Ancient Roman triumphal column, a landmark of Rome, Italy

The Column of Phocas (Colonna di Foca) is a Roman monumental column in the Roman Forum of Rome, Italy, built when Rome was part of the Eastern Roman Empire after its reconquest from the Kingdom of the Ostrogoths.

==History==
Erected in front of the Rostra and dedicated or rededicated in honour of the Eastern Roman Emperor Phocas on August 1, 608 AD, it was the last architectural addition made to the Forum Romanum, after over 1,300 years of construction. The fluted Corinthian column stands 13.6 m (44 ft) tall on its cubical white marble socle. On stylistic grounds, the column seems to have been made in the 2nd century for an unknown structure, and then recycled for the present monument. Likewise, the socle was recycled from its original use supporting a statue dedicated to Diocletian; the former inscription was chiselled away to provide a space for the later text.

The base of the column was uncovered in 1813, and the inscription on it reads, in Latin:

Optimo clementiss[imo piissi]moque / principi domino n[ostro] / F[ocae imperat]ori / perpetuo a d[e]o coronato, [t]riumphatori / semper Augusto / Smaragdus ex praepos[ito] sacri palatii / ac patricius et exarchus Italiae / devotus eius clementiae / pro innumerabilibus pietatis eius beneficiis et pro quiete / procurata Ital[iae] ac conservata libertate / hanc sta(tuam maiesta)tis eius / auri splend(ore fulge)ntem huic / sublimi colu(m)na(e ad) perennem / ipsius gloriam imposuit ac dedicavit / die prima mensis Augusti, indict[ione] und[icesima] / p[ost] c[onsulatum] pietatis eius anno quinto

The English translation is as follows:

To the best, most clement and pious ruler, our lord Phocas the perpetual emperor, crowned by God, the forever august triumphator, did Smaragdus, former praepositus sacri palatii and patricius and Exarch of Italy, devoted to His Clemency for the innumerable benefactions of His Piousness and for the peace acquired for Italy and its freedom preserved, this statue of His Majesty, blinking from the splendor of gold here on this tallest column for his eternal glory erect and dedicate, on the first day of the month of August, in the eleventh indiction in the fifth year after the consulate of His Piousness.

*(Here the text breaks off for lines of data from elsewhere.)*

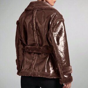 Coffee Brown Casual Women's faux fur detailed Long Sleeve faux Leather Jacket
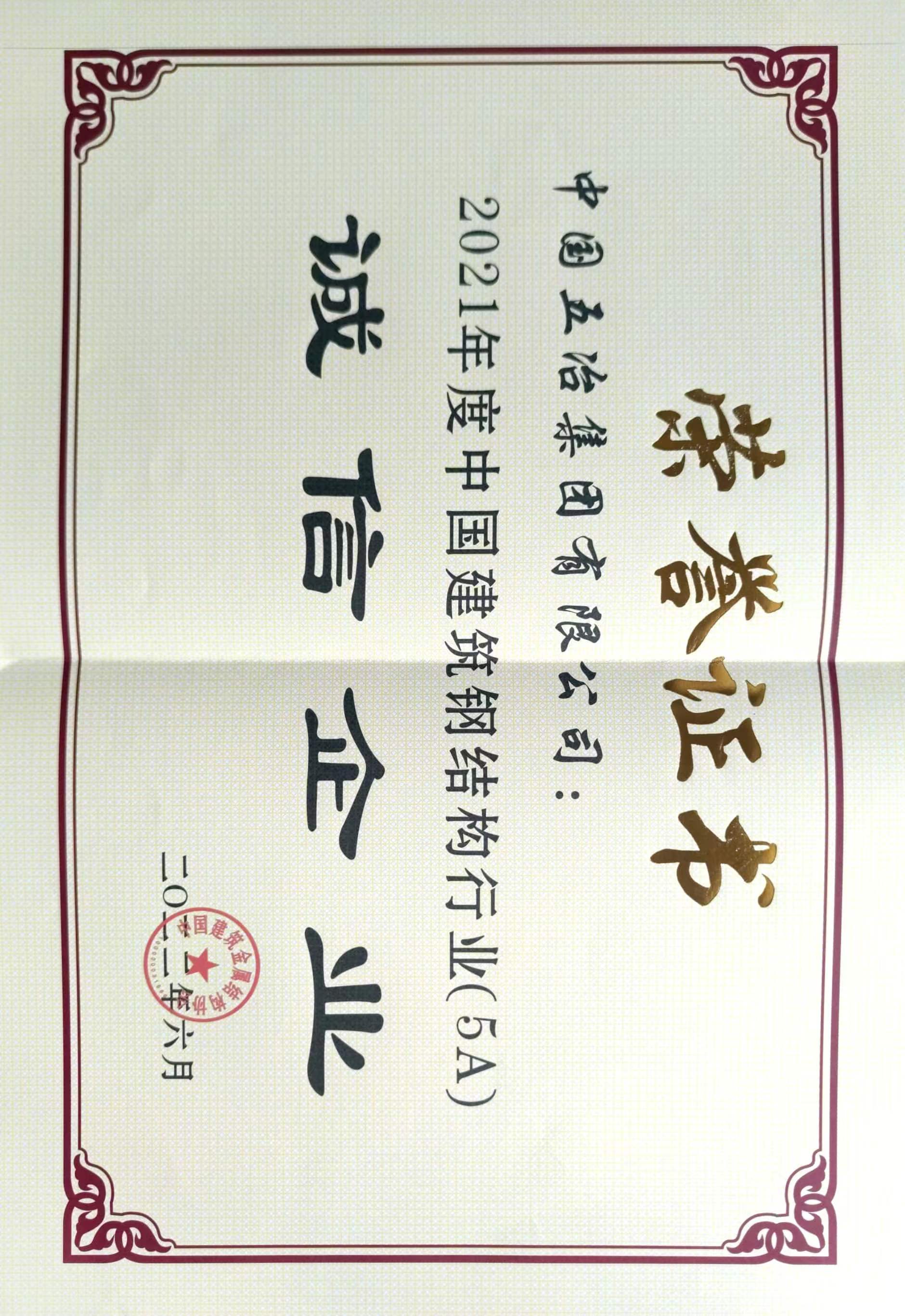 中國建筑鋼結構行業誠信企業
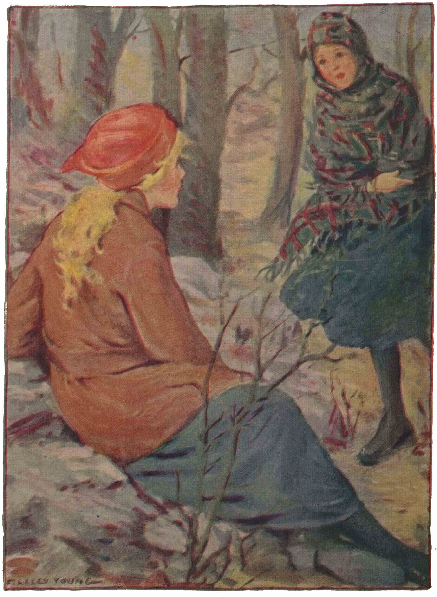 “Tut! Tut! Children!” Carol laughingly admonished. “Climb up in the tree again and be happy little birds until I come out, and then we three will do something ever so interesting.”
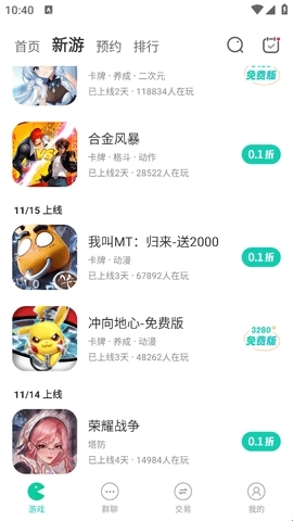 新游版块会详细呈现每日上线的新游戏,点击进入即可查看相关内容。
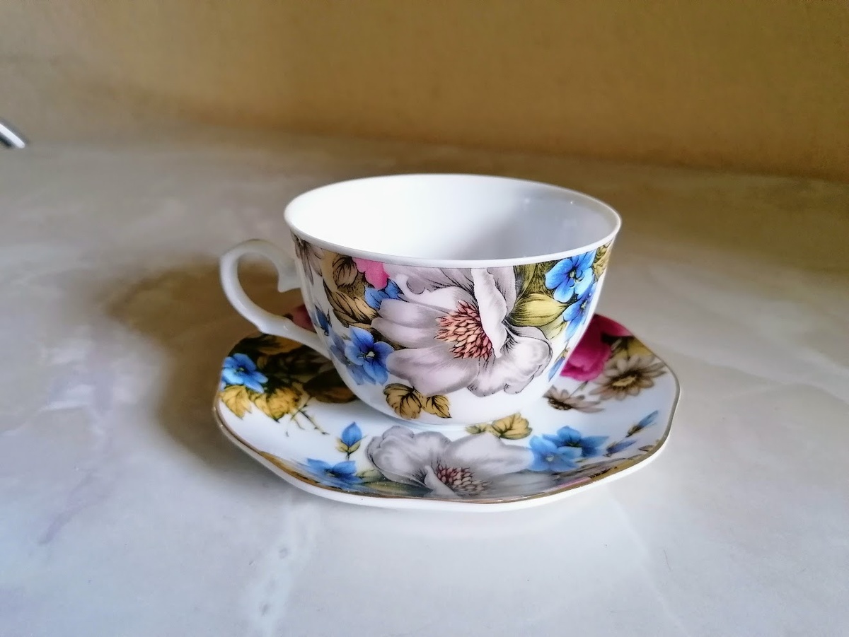 Чайной паре уже около 30 лет. Ранее это был великолепный японский сервиз, украшенный позолотой, но, к сожалению, осталась только эта одна чашка. Разные части сервиза подверглись испытаниям времени, и автор надеется, что любимая чашка уцелеет при предстоящем переезде.
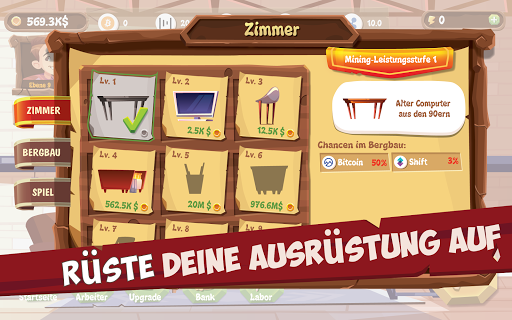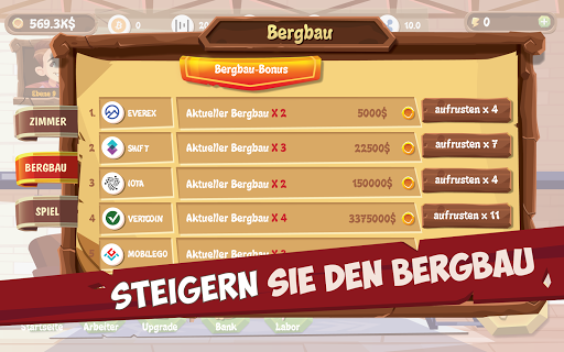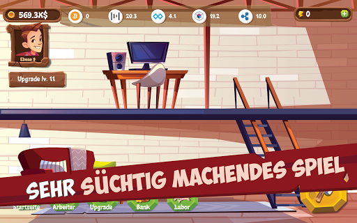Im Grunde, herunterladen. Es ist ein einfaches, interessantes und lustiges Spiel über Kryptowährung Bergbau und Gebäude ein eigenes Zimmer. Ja, die Ernte ist hier nicht Gemüse und Tiere, sondern Kryptowährung und Geld. Trotzdem ist es leicht und einfach, den Idleclicker Tycoon - Crypto currency Miner zu spielen! Fühlen Sie sich wie ein erfolgreicher Geschäftsmann, verdienen Sie Millionen, machen Sie Karriere vom Manager zum Top-Manager, vom Top-Manager zum Millionär und vom Millionär zum Milliardär. Und lassen Sie sich von anderen Milliardären beneiden. Denn Ihr Bergbauunternehmen ist auf dem Gipfel des Ruhmes und des Erfolges. Das Spiel hat eine Prestige-Funktion, ein beliebtes Feature in anderen Clickern. Ein Spieler kann auf Prestige klicken, um den gesamten Fortschritt zurückzusetzen und einen riesigen Bonus zu erhalten, der die weitere Entwicklung und die Machtstufen beschleunigt.
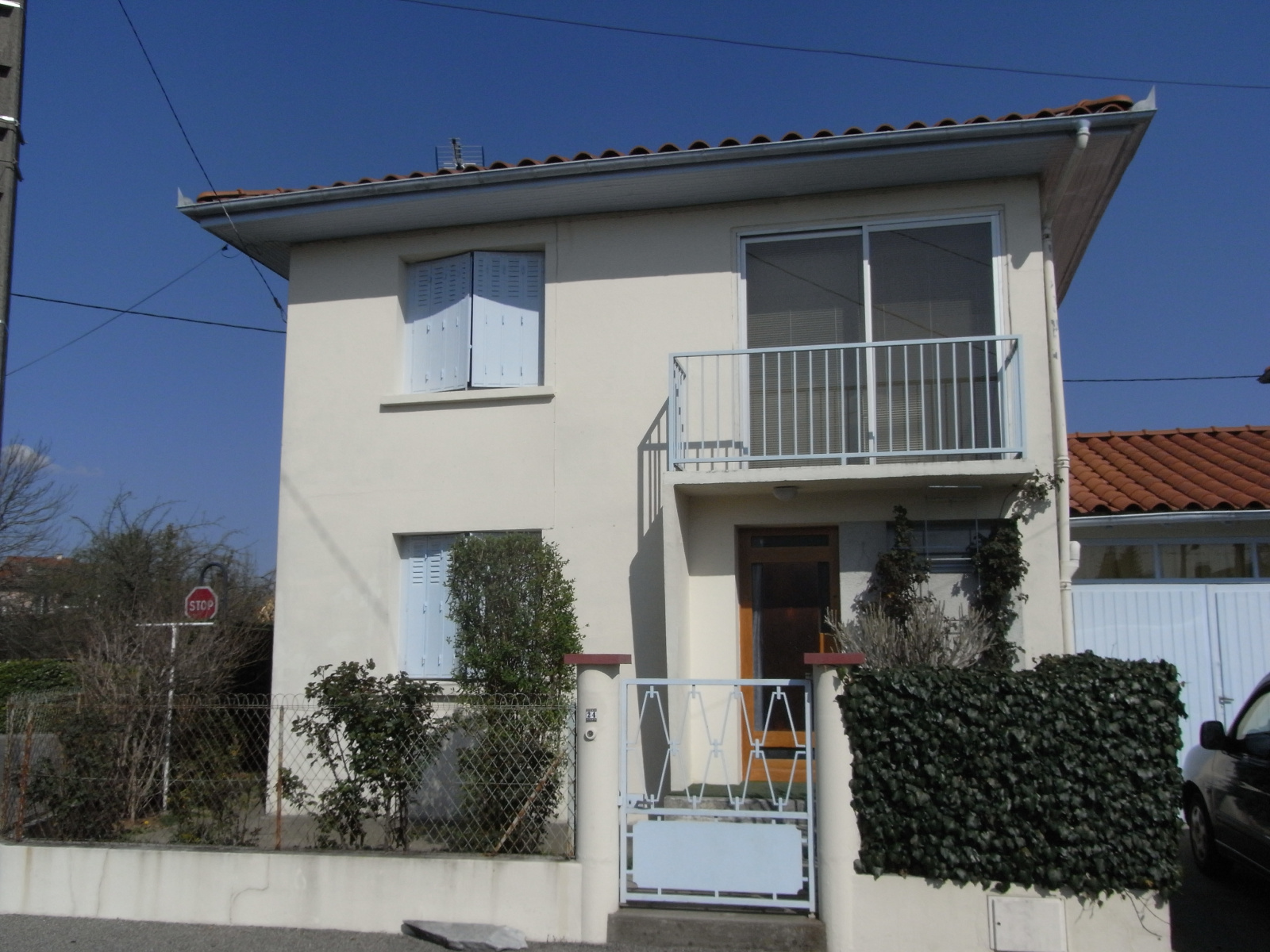 Dans quartier calme, jolie maison avec en rez de chaussée , cuisine équipée, séjour/salon, garage et à l'étage trois chambres avec placard chacune,salle d'eau avec wc, loggia vitrée, jardinet clos avec terrasse. Chauffage central gaz individuel
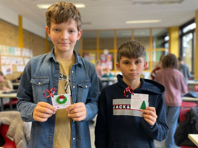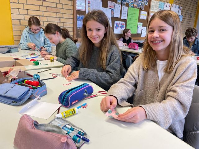 Über die einzelnen Spenden hinaus hat u.a. die Klasse 6b Weihnachtsanhänger gebastelt, die 7b Spiele gesammelt und die 10b verschiedene Gutscheine gespendet. die 10a hat die Tüten gepackt und die Q1 diese noch weiter dekoriert.

The precise occasion for this signal honour is unknown, though Phocas had formally donated the Pantheon to Pope Boniface IV, who rededicated it to all the martyrs and Mary (Sancta Maria ad Martyres). Atop the column's capital was erected by Smaragdus, the Exarch of Ravenna, a "dazzling" gilded statue of Phocas (which probably only briefly stood there). Rather than a demonstration to mark papal gratitude as it is sometimes casually declared to be, the gilded statue on its column was more likely an emblem of the imperial sovereignty over Rome, which was rapidly fading under pressure from the Lombards, and a personal mark of gratitude from Smaragdus, who had been recalled by Phocas from a long exile and was indebted to the Emperor for retrieving his position of power at Ravenna.

In October 610, Phocas was overthrown and killed; his statues everywhere were overthrown.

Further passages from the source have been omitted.